1910s, 1912, 1917, Barsoom, Bob Abbett, Edgar Rice Burroughs, Frank E. Schoonover, Frank Frazetta, John Carter, Mars, Michael Whelan, planetary romance, proto-SF, pulp, science fantasy, science fiction, swashbuckling, sword and planet, The All-Story Magazine
Come now; my timing of this shouldn’t surprise you in the least.
Edgar Rice Burroughs was an utter failure. He’d failed at a life in the military, having a heart condition rendering him ineligible for commission. He’d failed at just about every trade he attempted—no less than eight failed enterprises and dead-end jobs between 1903 and 1913 alone. And he’d fail, twice, at marriage later in life. So I think there’s something commendable in his eventual, single, colossal success—writing—moreso since his driving impetus, like so many authors before him and after, was reading and decrying “I can write better stories than this drek!” In 1911, he sat down to prove just that. The next year, that first novel, Under the Moons of Mars, was serialized in The All-Story Magazine. And in 1917, it saw its first appearance as a bound book, gaining the title A Princess of Mars. It’s been in print more-or-less continually, in one form or another, through the ensuing century.
Do I even need to write a synopsis for a novel whose formula has been copied for time immemorial? Alright, fine, a brief one.
John Carter of Virginia, while off prospecting in Indian Country, is ensnared by an unconvincing out-of-body experience, resulting in a travel through time and space. He awakes under two moons on the barren, mossy desert of an alien world—the canalled Mars of Percival Lowell, called Barsoom by its natives. Soon afterwards, he runs into the savage Green Martians, twelve-foot-tall six-limbed tusked “men,” whom he impresses with the prowess of his Earthborn muscles on this lower-gravity world. For the rest of the early sections, Carter is indoctrinated into the Green Martian culture, learning the language of this planet, meeting and killing hostile native fauna, and coming to understand his new situation.

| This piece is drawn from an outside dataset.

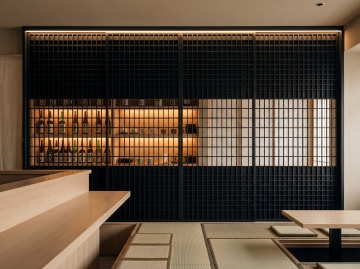 温馨雅致的日式居酒屋餐厅内部场景,原木色与暖棕色为主色调,柔和的暖黄色灯光从木质格栅灯罩中洒下,照亮深色实木餐桌与黑色皮质座椅,墙面装饰着浮世绘风格的木质版画,吧台区悬挂着日式灯笼与复古酒瓶,角落摆放着大型绿植与竹编屏风,地面铺设深色防滑榻榻米纹理地砖,整体营造出古朴静谧又不失现代舒适感的用餐氛围,空间布局开阔通透,桌椅排列整齐有序,细节处点缀着日式传统纹饰与暖光小摆件。

The second half of the book perks up when Carter’s foster-tribe of Green Martians takes prisoner a Red Martian princess, Dejah Thoris, held either for ransom or to serve in the Greens’ brutal gladiatorial games. Falling in love at first sight, Carter makes plans to save her, escape, and return her to her royal family at Helium. Things don’t pan out, and Carter must overcome various odds and obstacles, and trek back and forth across the hostile Martian desert, to win back his love. Along the way, Carter is captured by an enemy tribe of Greens, fights in the arena, joins a rival Red city-state’s air force, and more, as the novel shapes up to a grand conclusion of epic battles and true love reunited, however brief.
Probably Far Too Much Analysis
The thing to remember going in is that this was written, serialized, and read over a hundred years ago, back before SF was the multi-spectrum juggernaut it is now. To be honest, it reads something like a swashbuckling western set in space; fitting, considering John Carter starts off on the Arizona plains fleeing from hostile natives. SF didn’t exist as a genre back then, thus it didn’t have the depth or refinery you’d expect from a modern story. There wasn’t much else published in the same vein—it’d take ten years and change before Weird Tales, and then Amazing Stories, came around—so Burroughs had the advantage of being first. The series’ driving popularity isn’t necessarily something we can apply to modern sensibilities; it is a testament to its place in time as much (if not more than) its quality. In short: things were different back then, and thanks to time and hindsight, those differences are quite visible.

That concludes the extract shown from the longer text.